05Legal bases (GDPR)
- Performance of a contract — to provide the Service you have signed up for (accounts, membership, provisioning, metadata).
- Legitimate interests — to secure the platform, prevent abuse, keep audit logs and improve the Service, balanced against your rights.
- Consent — where required, for example joining the waitlist; you can withdraw it at any time.
- Legal obligation — where we must retain records to comply with the law.
06AI processing
When you use the built-in Build AI, the relevant context is processed by Anthropic models via Cloudflare's AI Gateway and Workers AI. When you connect your own AI over MCP, that AI provider processes what you send it under your own arrangement with them. We do not use your business data to train foundation models. AI-assisted infrastructure actions that are not provably read-only are staged for human approval.
07Sub-processors
We rely on a small number of vetted providers to deliver the Service. The current list — including purpose and location — is maintained on our sub-processors page. In summary:
- Cloudflare — infrastructure, hosting and AI (global, with an EU jurisdiction option).
- Resend — transactional email, and outbound email when you enable the email add-on.
- Anthropic — the Claude models behind the built-in AI (accessed via Cloudflare's AI Gateway).
08International transfers & data residency
At sign-in you can choose an EU data-residency jurisdiction for your database, enforced at the infrastructure level by Cloudflare's D1 jurisdiction guarantee — not merely a policy promise. Where personal data is transferred outside the EEA (for example by a sub-processor), we rely on appropriate safeguards such as the European Commission's Standard Contractual Clauses. See theDPA for details.
09Retention
We keep central account, membership and metadata for as long as your workspace is active, and for a limited period afterwards as needed for security, dispute resolution and legal obligations. Your business data in your own Cloudflare account is retained by you, under your control — revoking the OAuth grant locks us out while your data stays with you.
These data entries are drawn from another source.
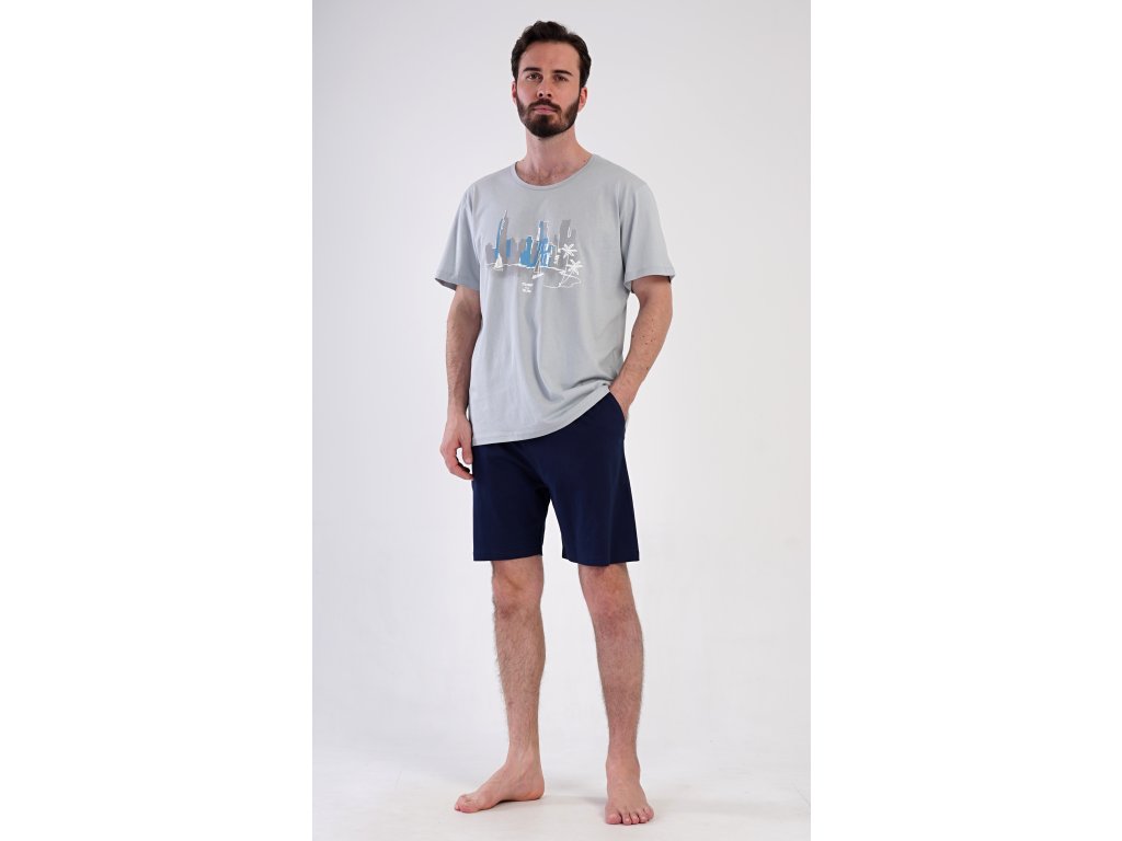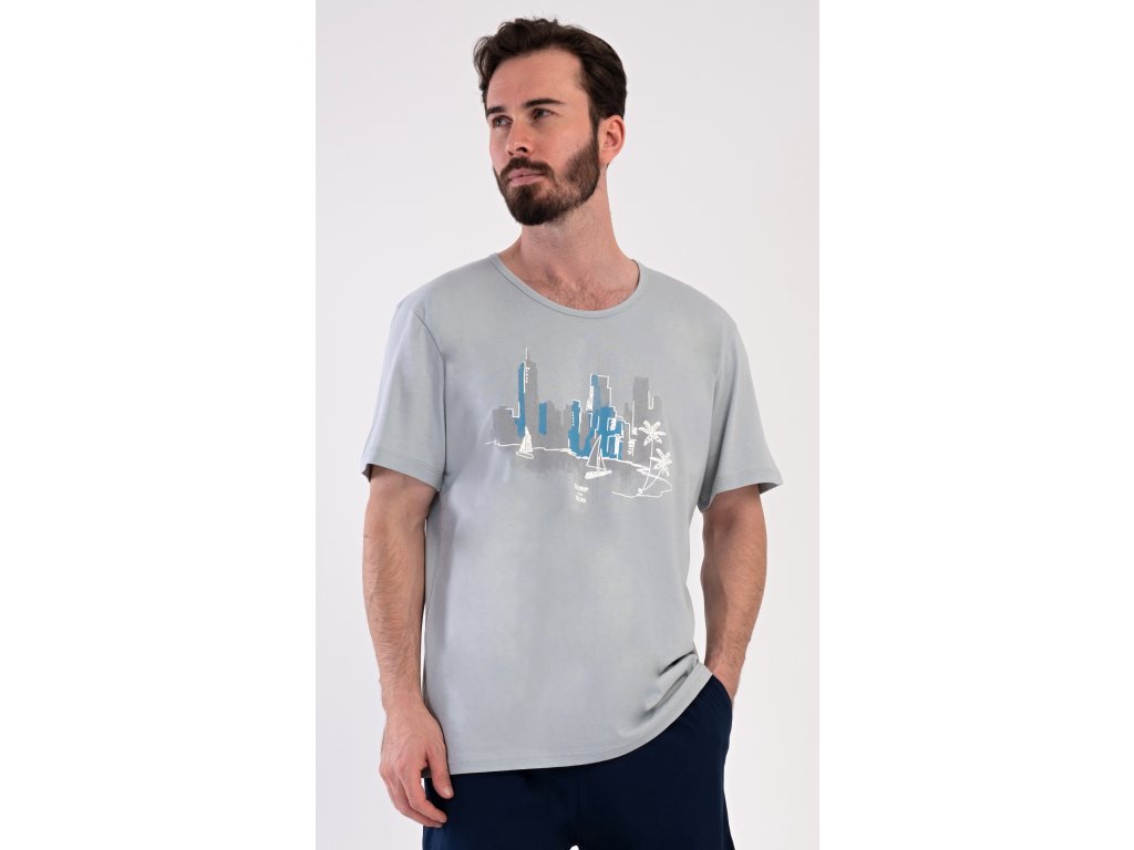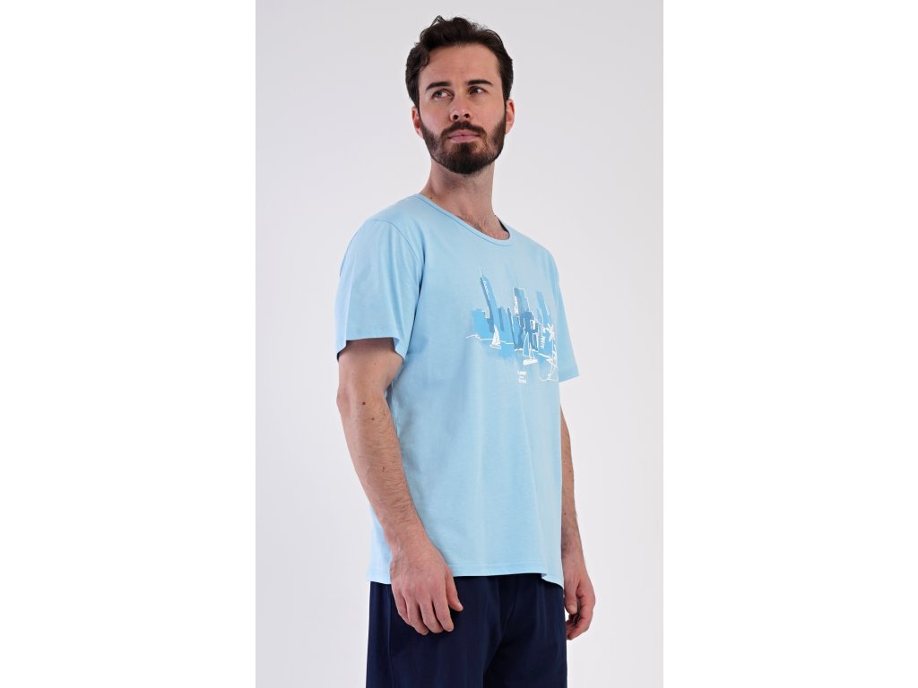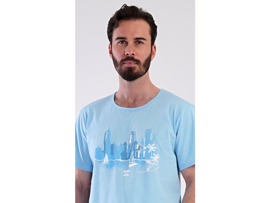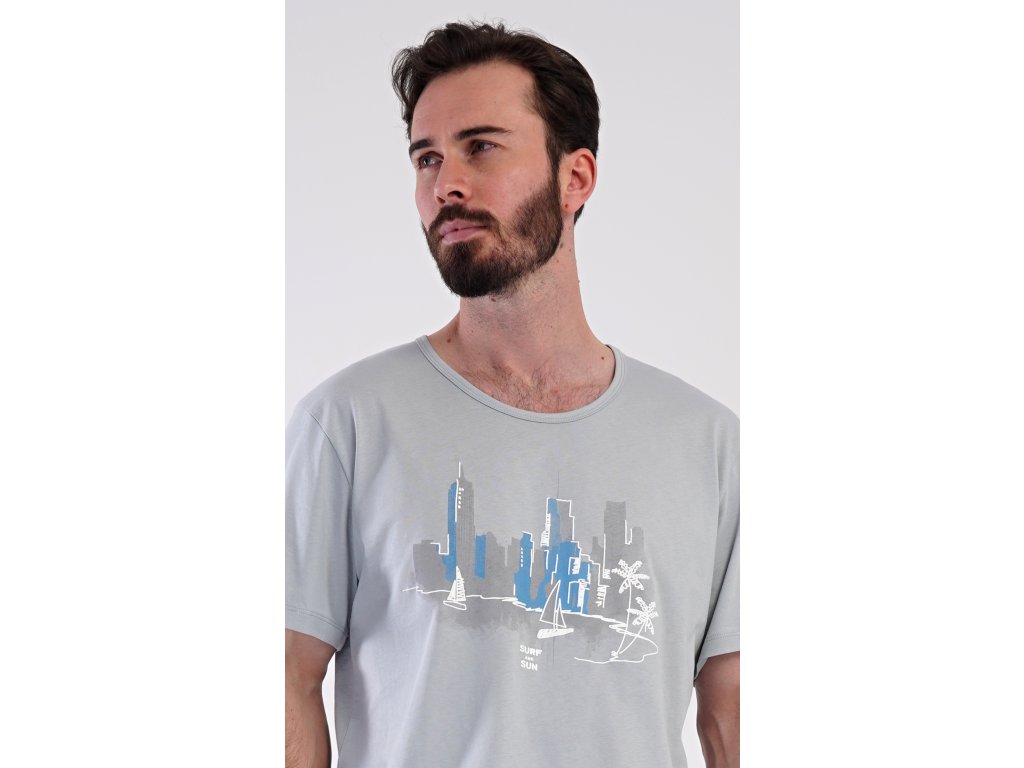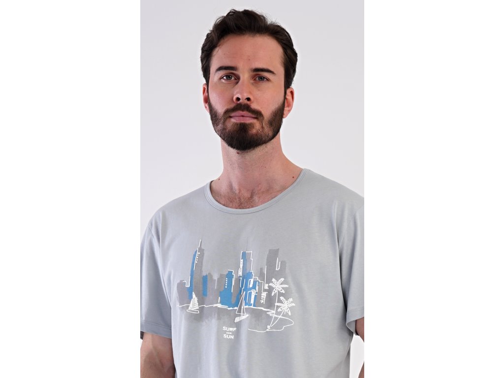 Pánské bavlněné šortkové pyžamo Bruno. Pánské pyžamo se skládá z trička s krátkým rukávem a krátkých šortkových kalhot. Jednobarevné tričko zdobí obrázek zátoky ve velkoměstě. Šortky mají praktické kapsy, v pase gumu a šňůrku na stáhnutí. Použitý materiál s podílem bavlny 100% je příjemný a poddaný na dotek. Pyžamo oceníte obzvlášť v horkých letních dnech.
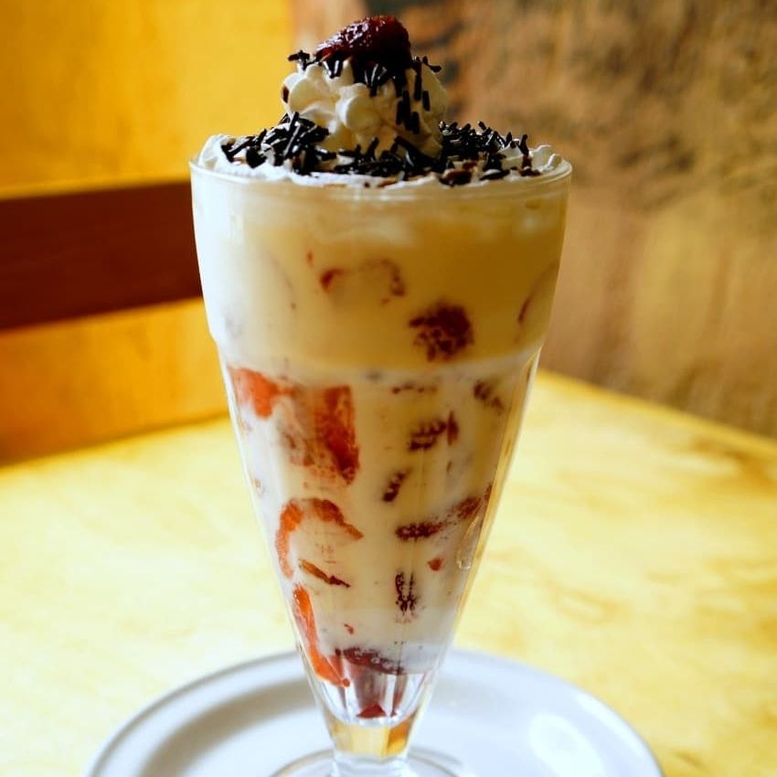 Popular postre francés acompañado con los ingredientes dulces de tu elección. Decorada con jarabe de chocolate.
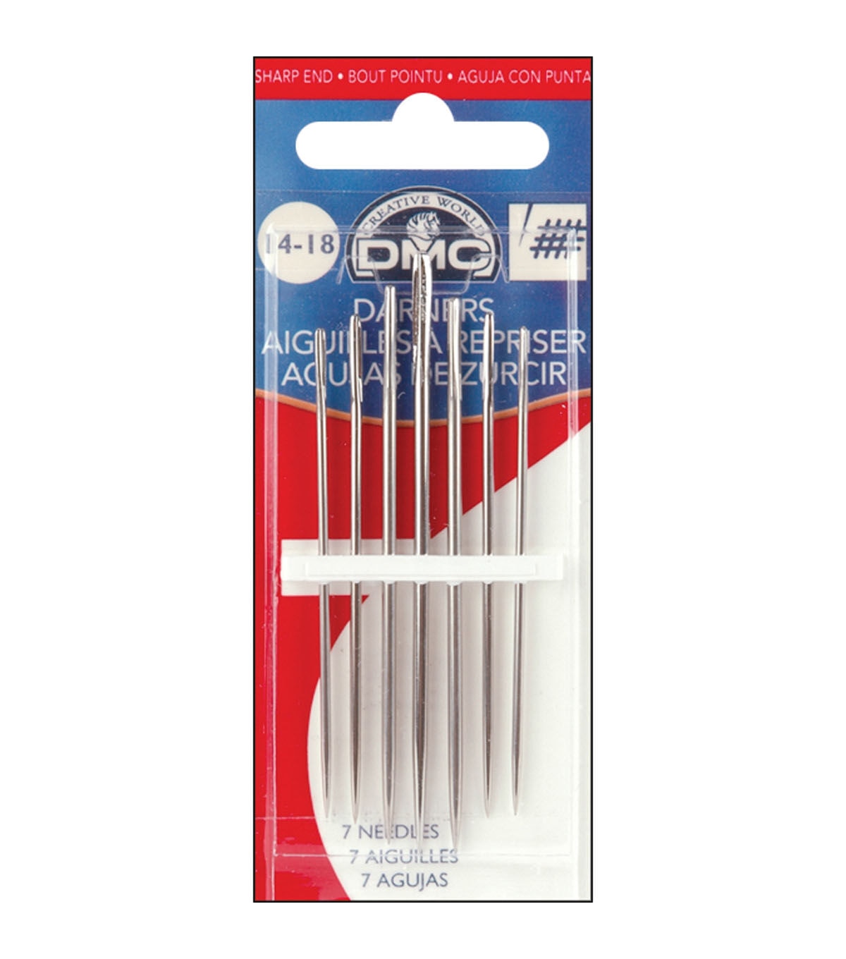 The DMC Darner's Needles Sizes 14/18 Pack of 7 are ideal for darning and mending fabrics. Made of premium grade nickel-plated steel, these darner needles measure between 2 to 2.5-inches long and are designed with blunt tips and large eyes which make them suitable for mending with wool and similar heavy materials. You can also use them for smocking, ribbon embroidery and other needlework techniques. Darner's needles in two different sizes are included in this pack. Available in other sizes with coordinating packs to suit your sewing requirements. This pack contains seven Size 14/18 needles.
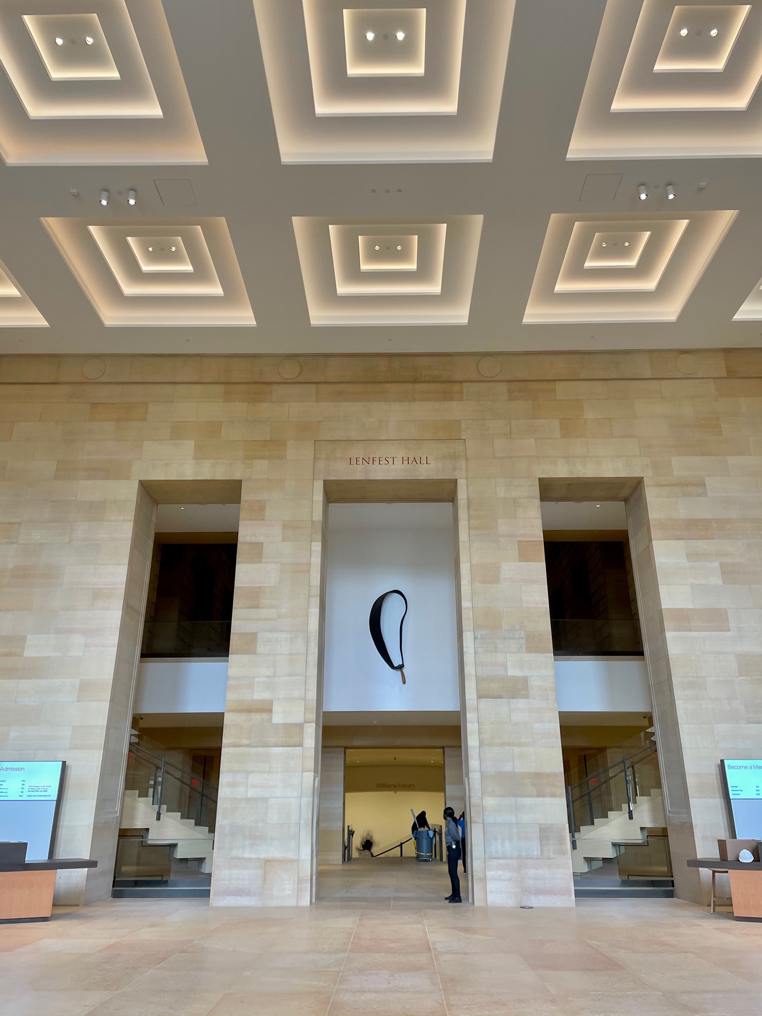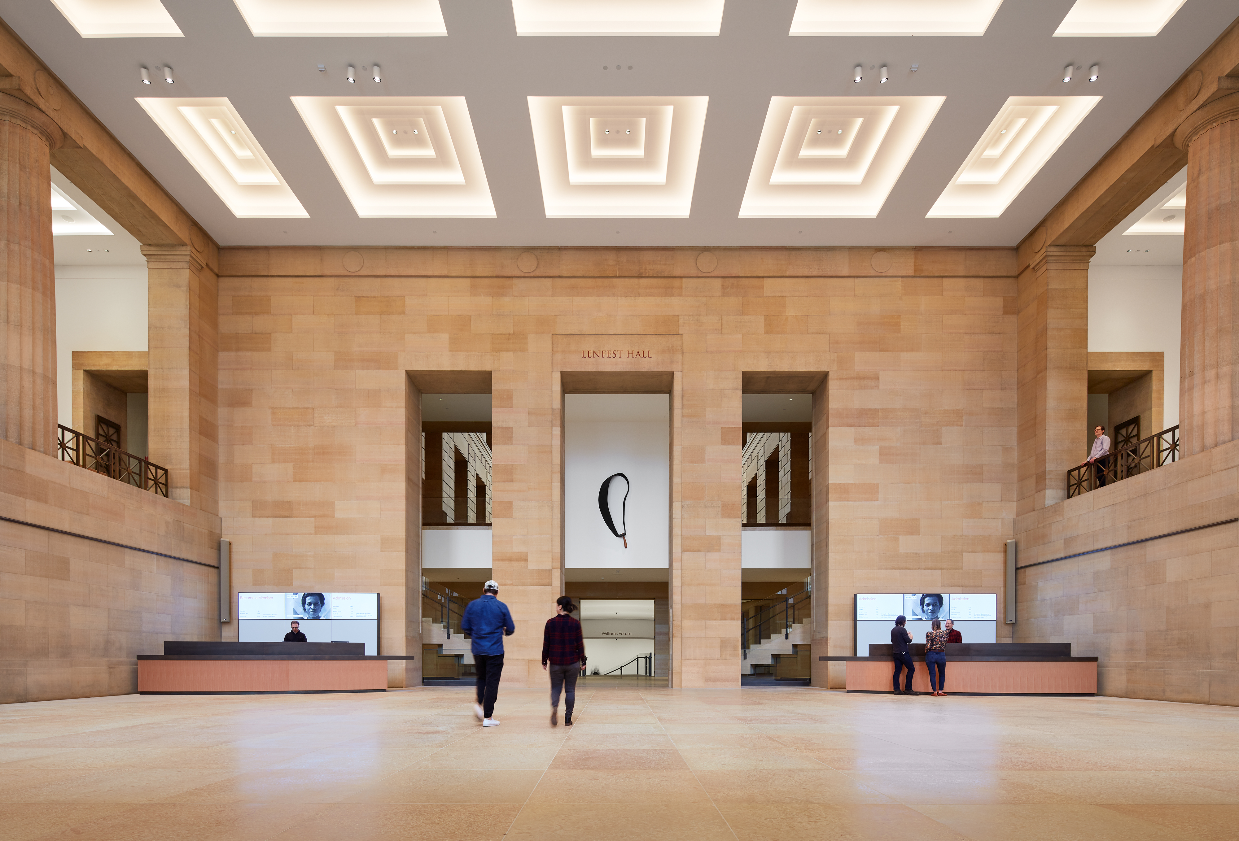 The renovation also includes a redesigned Lenfest Hall, previously the principal entrance to the building. The previously dark space is now filled with daylight, and further illuminated by a modern coffered ceiling. A combination of both warm and cool lighting is integrated into the three-tiered coves—cool lighting enhances natural light levels during the day, while the warm color temperature matches the limestone walls and washes the space in soft light in the evening.
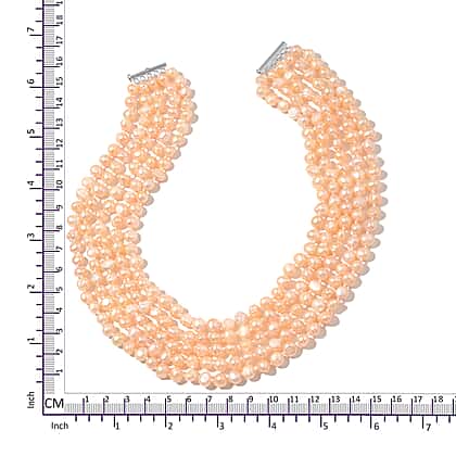 Fresh Water Peach Pearl Multi Strand Beaded Necklace in Rhodium Plated Silver 18 Inch
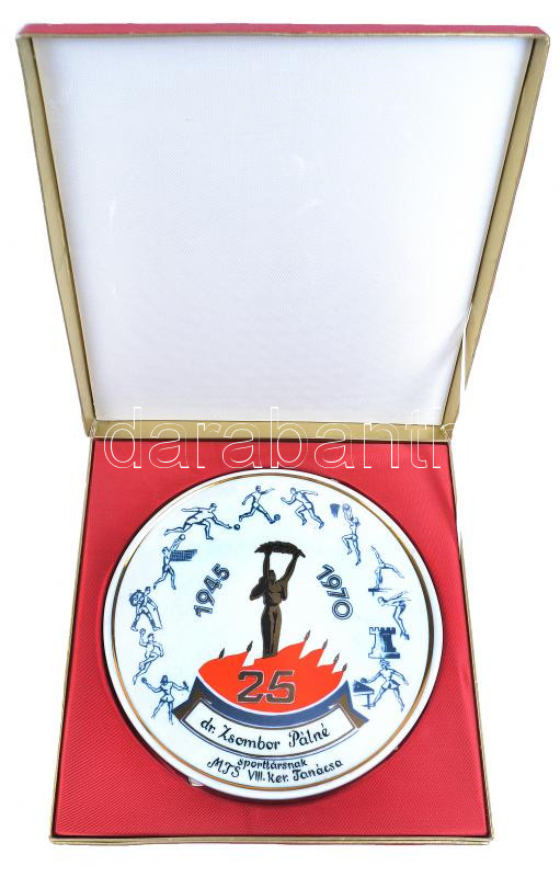 1970. A Magyar Testnevelési és Sportszövetség 25 éves felszabadulási jubileumi Hollóházi porcelán plakettje (180mm) T:1 Dísztokban adományozói irattal

You can delete your workspace data directly in your own account at any time.
10Your rights
Subject to applicable law, you may have the right to:
- access the personal data we hold about you;
- rectify inaccurate data;
- erase data ("right to be forgotten") where a legal basis to keep it no longer applies;
- receive your data in a portable format and, where feasible, have it transmitted;
- restrict or object to certain processing; and
- withdraw consent where processing is based on it.
To exercise any of these, contact support@zorc.se. For data held in your own Cloudflare account, you can also act directly on it there. You may lodge a complaint with your supervisory authority — in Sweden, the Integritetsskyddsmyndigheten (IMY).
12Contact
Questions about this policy or your data? Email support@zorc.se. We have not appointed a statutory Data Protection Officer; privacy enquiries reach the team through this address.
13Changes
We may update this policy as the Service evolves. Material changes update the "last updated" date above and, where appropriate, we will notify you.